The demographic variables are coded as follows: occupation of the head of household is coded from executives (scored 1) to never employed (scored 8), so that the more prestigious the occupation, the lower the score; age refers to the respondents' reported years of age; education goes from less than eighth grade (1) to graduate work (9); and city size runs from 1 million or more (1) to nonmetro area (5).

Table 3 indicates that the Active Sports (M, F) and Workaholic (M) factors tend to describe younger, relatively upscale respondents. Women who score high on the Pills and Tranquilizers dimension tend to be older and less well educated. And there are marked differences between heavy drinkers and heavy smokers. Heavy drinking is associated with relatively prestigious occupations, older age, and big city living. (This seems to be the demographic profile of the "three martini lunch.") Heavy smokers, on the other hand, tend to be in low prestige occupations and, in the case of women, less educated.

Among the factors that show little relationship to the four selected demographics are Pro Nuclear Power (M), High Tar Smokers (M, F), Heavy Eating (M, F) and Tension (F).




"Most of the bad things that happen to people are at present beyond the reach of medicine" (Wildavsky, 1977). Alcohol consumption, cigarette-smoking, stress, violence, pollution, etc., are an integral part of the modern pattern of life in industrial societies. Changes in the primary sources of morbidity and mortality during the twentieth century illustrate the etiological significance of environmental and life style factors. Thus, efforts directed toward disease prevention and health promotion must extend beyond the traditional medical care system to include institutional measures to promote health maintenance, encourage advances in technology and the quality of the environment, and advocate modification of individual life styles.

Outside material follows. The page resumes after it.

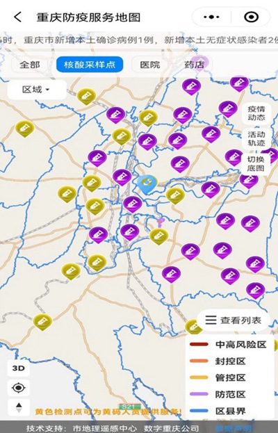 “渝康碼”以及百度、高德、騰訊、美團等地圖上線了“重慶防疫服務地圖”,方便群眾一圖查詢核酸采樣點、疫情動態(tài)、感染者活動軌跡、醫(yī)院、藥店、封控管控防范“三區(qū)”以及生活服務等信息,并為市民提供相關查詢、預約、導航等服務。

Research studies to date have not provided much evidence concerning the influence of life style on health behavior (Ng, Davis and Mendorsheid, 1978). Our view of the role of life style variables is that they serve to condition both the individual's perceptions and his attitudes and subsequent behavior with regard to preventative health actions. This view modifies the more narrow approach taken in Rosenstock's well known Health Belief Model-HBM (Rosenstock, 1974). The HBM focuses on the individual's preventative health actions as motivated by his perceived susceptibility to illness, the perceived severity of illness, his belief about the efficacy of alternative actions, and psychological barriers to actions--all mediated by the individual's demographic characteristics. The model falls short in dealing with problems of environmental health and personal life style. It has been suggested that life style must at some point be considered a conditional variable (Stone, Cohen, et. al., 1979), which ultimately should provide viable input relevant to decision making in the area of public health policy.